There’s also a few lines in the hessian calculation that is slow... it would be nice to take advantage of more cores.

josef-pkt · 2018-05-13T19:02:48Z

Takes about 6-7 for 12 million x 50 exog.

6-7 of what? minutes, hours?

Is there a parallelized numpy function for this?

No, not AFAIK. numpy and scipy don't parallelize computations, only the underlying linalg libraries do that. We would have to do it on our own, or use Dask.

One general issue is Fortran versus C order in those operations on large arrays.
In the old times numpy linalg worked better on F-ordered arrays because of the underlying Fortran BLAS/LAPACK, but numpy operations worked better on C-ordered arrays.
I have no idea what the current timing is.

Another possibility: We currently don't reuse memory much, e.g. using the out argument in numpy functions. It might improve performance if we keep memory around instead of allocating new arrays all the time. For large arrays this might have a observable effect.
(I don't know how this works technically, but avoiding new memory allocation of large arrays might also help in preventing memory fragmentation, but I have no idea how relevant this is for RAM.)

thequackdaddy · 2018-05-13T19:15:02Z

Sorry... I meant 6-7 seconds. Doesn’t seem like a lot, but that calculation is used in each iteration with the fit_gradient optimization.

thequackdaddy · 2018-05-13T19:34:31Z

Another question... could this be a place for numba? dask/ joblib seem like they bring too much overhead for this simple calculation.

josef-pkt · 2018-05-13T19:47:24Z

could this be a place for numba?

Maybe. I thought about it, but I guess not for this.
numba is also slow if it has to allocate memory, the computation itself also shouldn't differ much. (I got good speed improvements with numba in the examples after I allocated the memory and initialized the array outside of the numba jitted function.

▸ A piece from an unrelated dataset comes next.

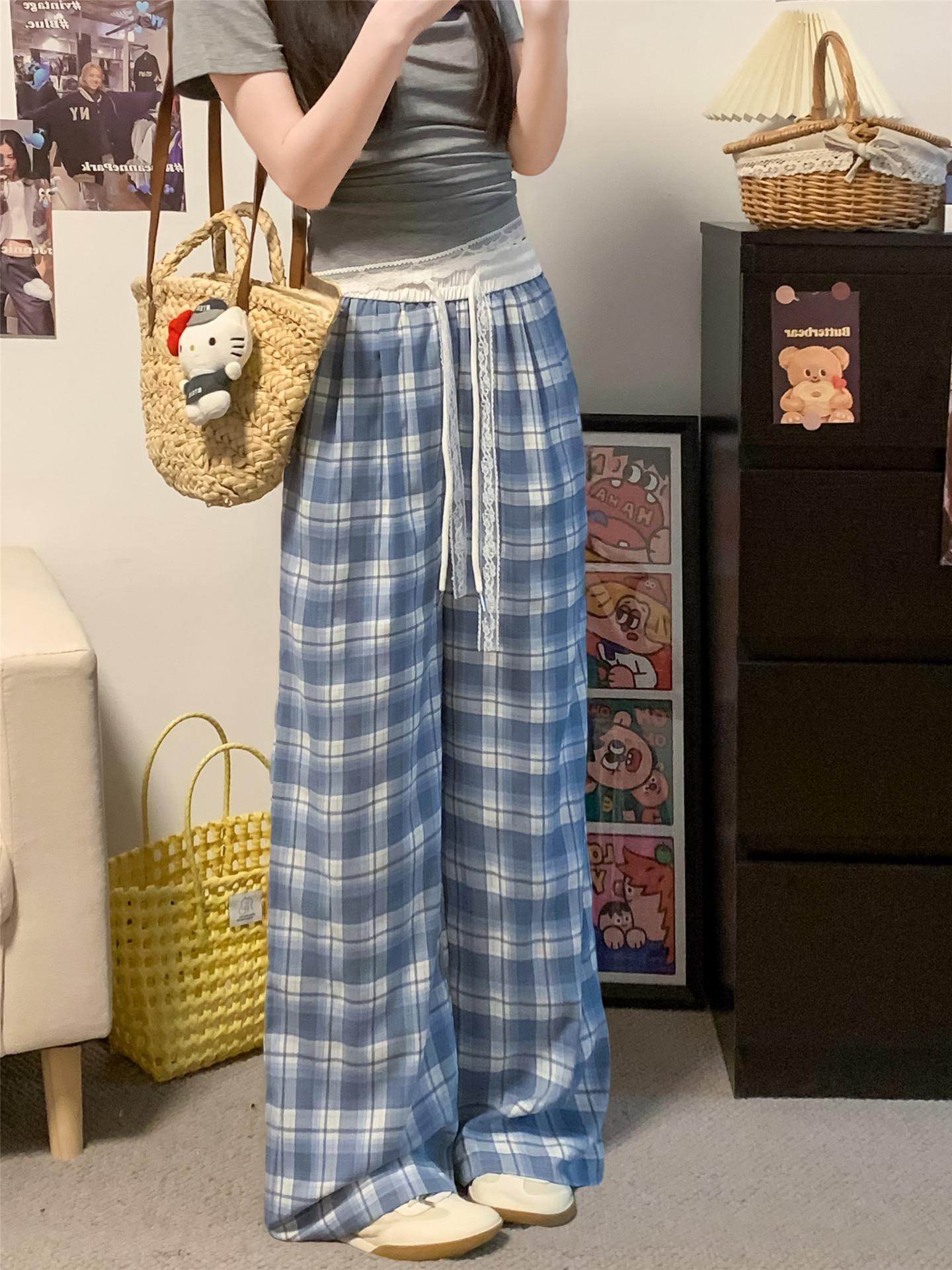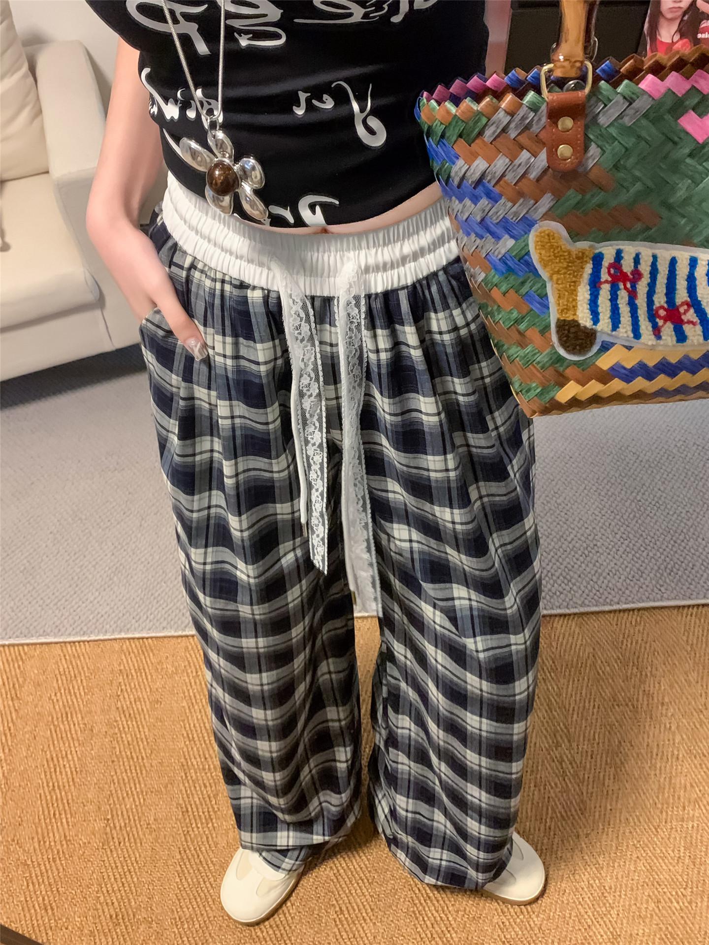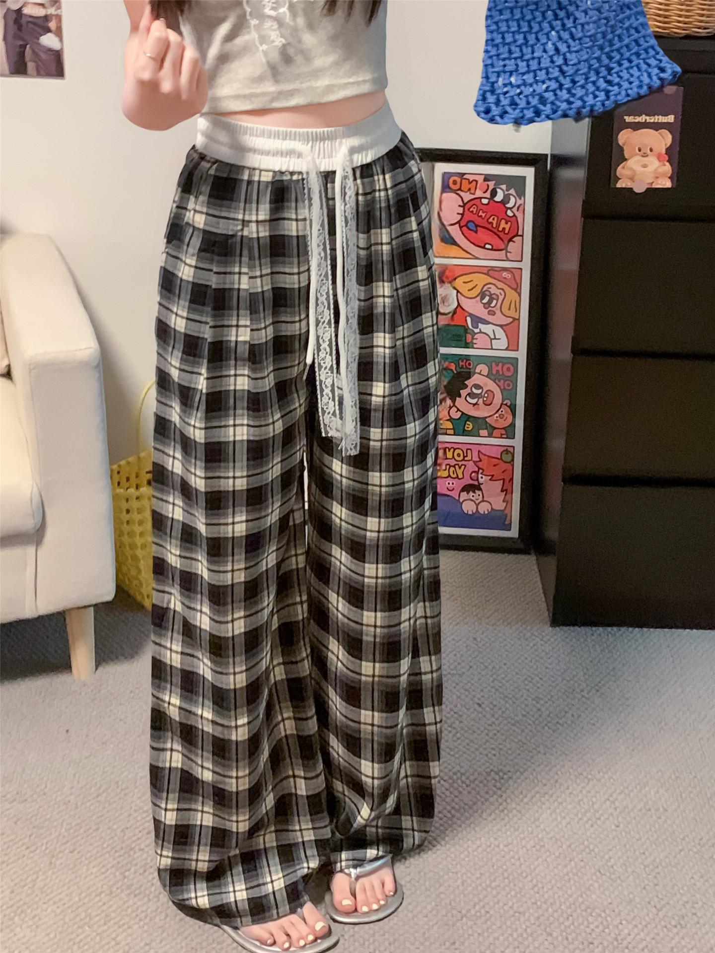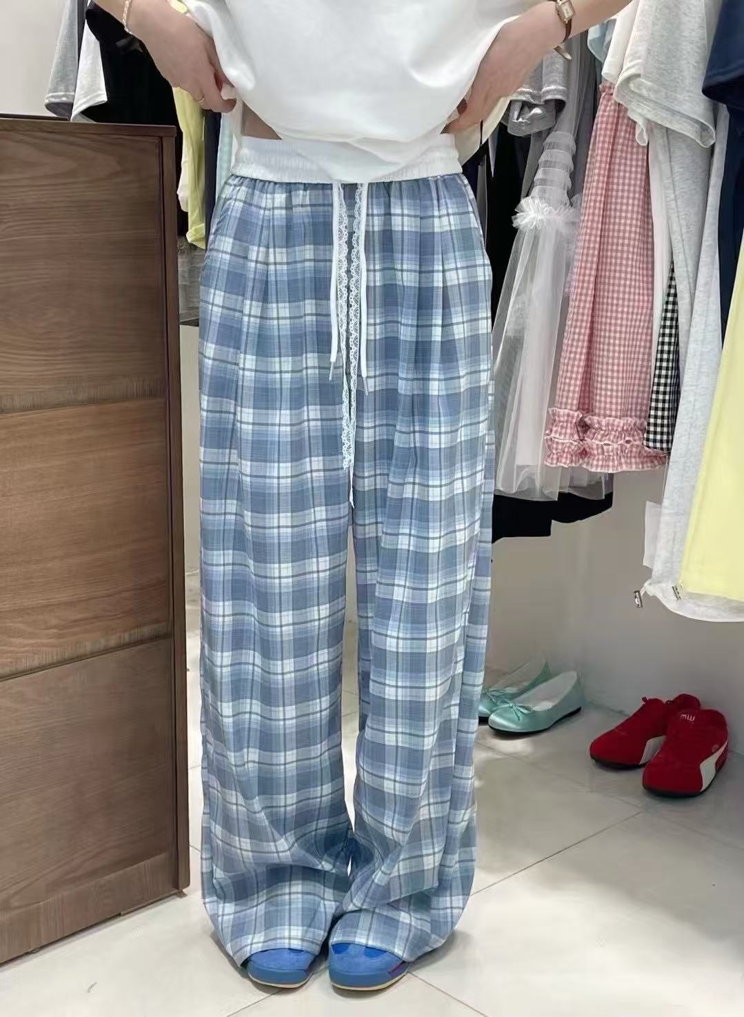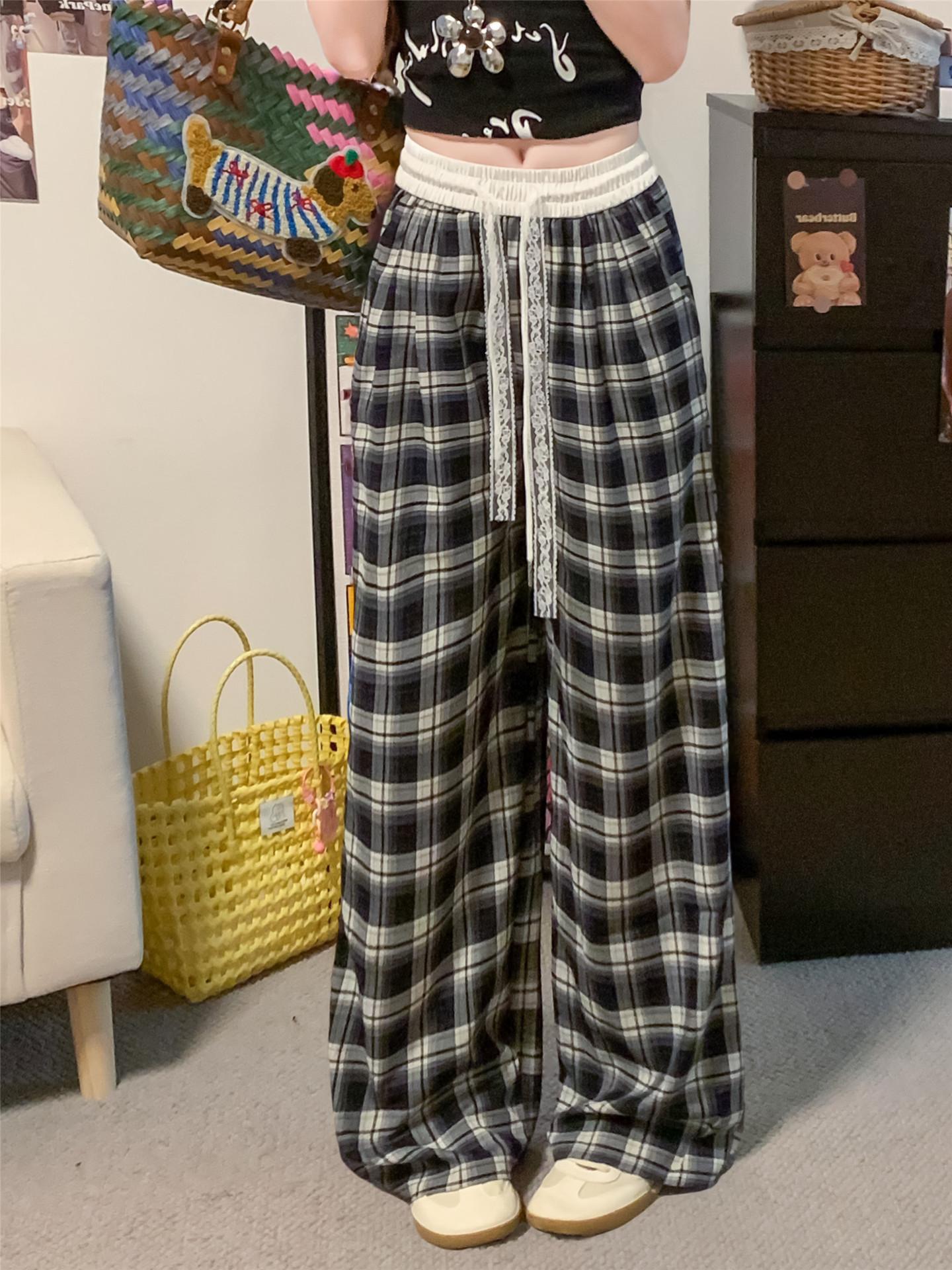 Pantalones Casuales Patchwork Estilo Holgazán para Mujer 2025 Primavera Nuevo Cintura Alta Sueltos Cordón Encaje Pierna Ancha Pantalones Largos

numba parallel loop was only recently reintroduced and I wouldn't bet on it yet. And it might not help in getting a contiguous output array in parallel either.

(I'm mostly guessing.)

josef-pkt · 2018-05-13T20:02:20Z

To change the target a bit.
For the optimization we need score and not score_obs, and score is a reduce operation.
If we compute score without constructing the full score_obs array, then we don't need the full memory. This means using numba in score or using patched/blocked numpy summation in score is most likely faster, and for sure will use less memory.
We can still use score_factor because it's 1-dim. But we can reduce immediately when multiplying with exog.

Using numpy this would be easy to try in score, e.g. if nobs > I million, then sum in blocks of 100,000 (or something like that) observations.
A full numba loop wouldn't have to allocate any memory in that case.

Even simpler score = exog.T.dot(score_factor) which should be just a plain linalg operation.
The hessian still needs on elementwise multiplication before the dot.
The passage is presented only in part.